Each proposal avoids raiding the state’s budget surplus, while steadily ramping-up investments to backstop young families in the coming two to three years. Key to the analysis is a pending $800 million cut in public school spending over three years, tied to a steady decline in the state’s student population, according to the legislative analyst.
Adding preschool-age children to otherwise shrinking K-12 enrollments would avert the ongoing shaving of education spending, as well as serve rising counts of 4-year-olds in high-quality programs, as the report details.
The state’s relative riches do offer the chance to initiate early-childhood investments that could be sustained even when the economy flags, researchers conclude.
“We can also extend paid family leave, for instance, to tens of thousands of young parents with newborns,” said Berkeley’s Bruce Fuller, professor of education and public policy in the Graduate School of Education, “without spending a dime from the budget surplus.”
Building infrastructure over time
Just one in eight California parents with infants or toddlers can find space in a licensed home or center facility, according to an earlier Berkeley report.

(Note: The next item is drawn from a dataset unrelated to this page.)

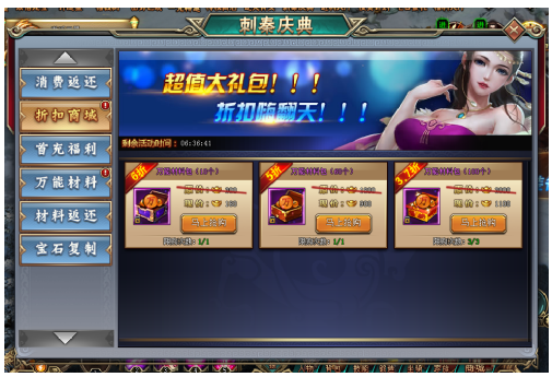1. 活动期间,玩家可花费元宝购买万能材料包,超低折数,绝对超值!

The new analysis suggests that early-childhood programs might be included in a new school facilities initiative pegged for the 2020 ballot.

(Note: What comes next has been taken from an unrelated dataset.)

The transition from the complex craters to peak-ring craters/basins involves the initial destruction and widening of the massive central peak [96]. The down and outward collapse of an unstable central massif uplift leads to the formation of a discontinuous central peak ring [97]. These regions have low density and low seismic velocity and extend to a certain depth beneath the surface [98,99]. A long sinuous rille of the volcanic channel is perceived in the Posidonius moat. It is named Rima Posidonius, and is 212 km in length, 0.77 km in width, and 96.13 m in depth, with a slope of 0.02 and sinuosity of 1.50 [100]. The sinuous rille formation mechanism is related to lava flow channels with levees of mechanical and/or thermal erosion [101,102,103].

Los Angeles pioneered the concept of passing local bonds to build scores of early learning centers, say researchers. They describe how this approach could be extended statewide — to expand and modernize licensed child-care homes and preschools.

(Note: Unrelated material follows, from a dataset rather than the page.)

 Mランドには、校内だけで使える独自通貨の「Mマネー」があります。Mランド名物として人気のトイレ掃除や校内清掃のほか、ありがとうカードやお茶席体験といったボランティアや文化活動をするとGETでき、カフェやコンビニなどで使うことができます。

The Berkeley report points out that California “has more than recovered from recession-era cuts” to early-childhood and family programs. Still, less than half of all 3- and 4-year-olds attend quality pre-k statewide.
“We have a rare opportunity to simplify and amplify our early education system,” said Abe Hajela, a legal expert in Sacramento who helped draft the new report, “if the governor and legislature move boldly and prudently in the coming year.”
Broader tax reforms, technical details
The report points to longer-term revenue possibilities as well, such as returning to a split-roll property tax, with heavier levies placed on industrial properties. This was the case before voters passed Proposition 13 in 1978.
Other proposals include taxing services provided between corporations, which presently escape any public levies, despite making up a growing portion of all economic activity in the post-industrial California economy.
But “we see no good fiscal reason to wait when it comes to investing in young children and families,” professor Fuller said. “We see strong complementarities between widening access to quality pre-k, while backstopping funding for public schools.”
The analysis was conducted by Capitol Advisors, a Sacramento-based firm specializing in education finance. It was commissioned by the Early Childhood Think Tank at Berkeley, a statewide panel identifying sound options for lifting California families supported by the Heising-Simons and Packard Foundations.